Now I use a pouch to hold my phone and protect it at the same time (hands free, but out of sight),,, it's a bummer when I put it there and the GPS app is asleep or not recording, but it's easy to get the GPS going and take another lap.
To use a bicycle speedometer, you will have a couple of mods to make.
The bike speedometer has a drive tab that sticks in between two of the spokes and turns the speedometer cable (?) time(s) per 1 tire rotation. The problem is that bike speedometers that I have seen mount on the end of the front axle.
My first thought would be to drive the speedometer at the base of the rear axle sprocket, but that may not be possible because the cable is supposed to mount on the end of an axle, and a bike axle is like 3/8" while a kart axle is 1" or more.
If you can figure out how to drive the speedometer, you will also need to re-calibrate the speedo head for accuracy because the speedometer is meant for a specific wheel diameter (like 24" or 26") and go-kart tires are smaller diameter, so the speed will appear faster because the speedometer iwill probably be overdriven.
Smaller tires = more revolutions for the same distance
One way to fix that is to re-draw the numbers on the face plate. You would have to use some math skills or measuring skills to figure out the % overdrive (% error) and re-draw the scale.
Best way to calibrate it would be to compare to a GPS app on your phone (ha ha)
Good luck.
Hands-free phone mount sounds better, right ?

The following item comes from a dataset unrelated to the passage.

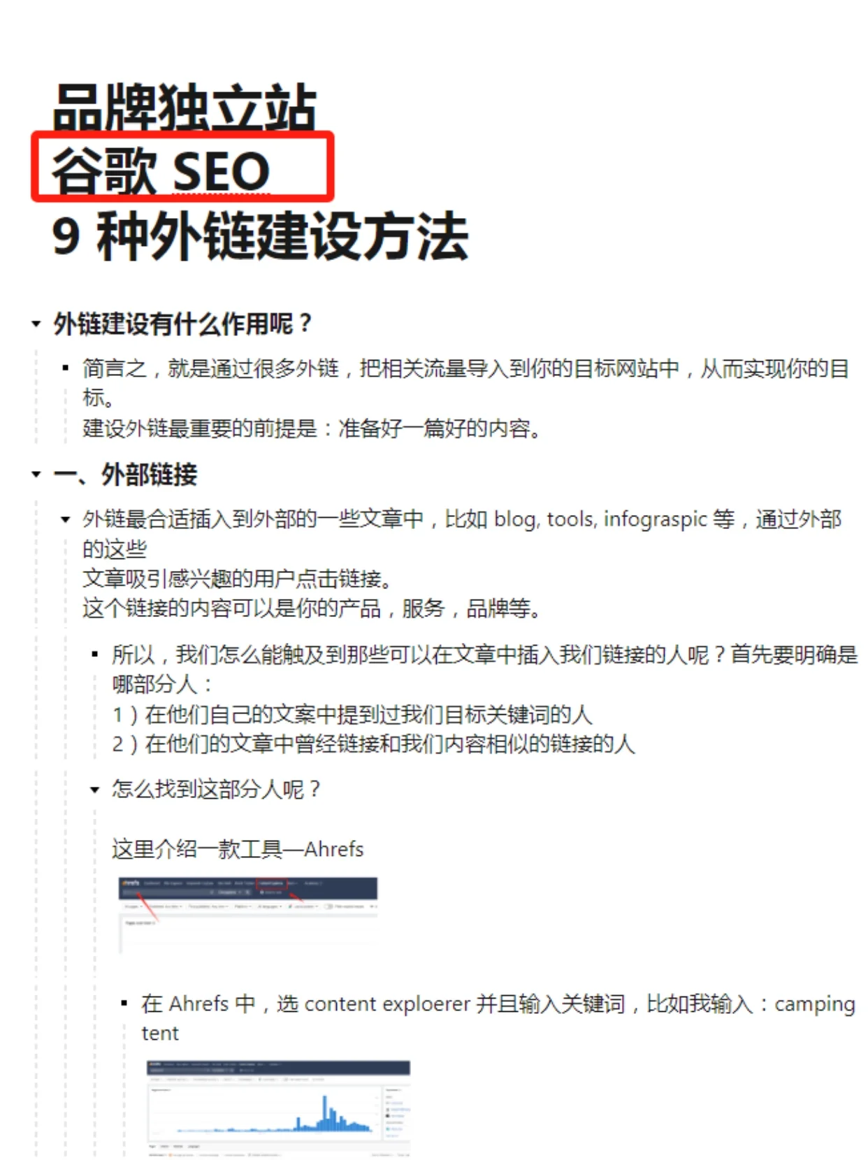 品牌独立网站Google SEO外部链接构建方法: ① 外部链接②撰写博客副本③更新/替换过时的链接④利用未链接的文章⑤激活无效链接 文件中详细提到 带上你需要的东西

I hope you can show some pictures of what you end up using.
I am showing a picture of a phone mount that fits in a CD player slot. I drilled holes and mounted it to my steering wheel bracket, but it eventually broke with the weight of my android phone on a yard track. For reference you may need something sturdier than this.
Ive been having good results with a tool pouch that I got at the hardware store. Just tie wrap it somewhere and slip in the phone or tools, etc.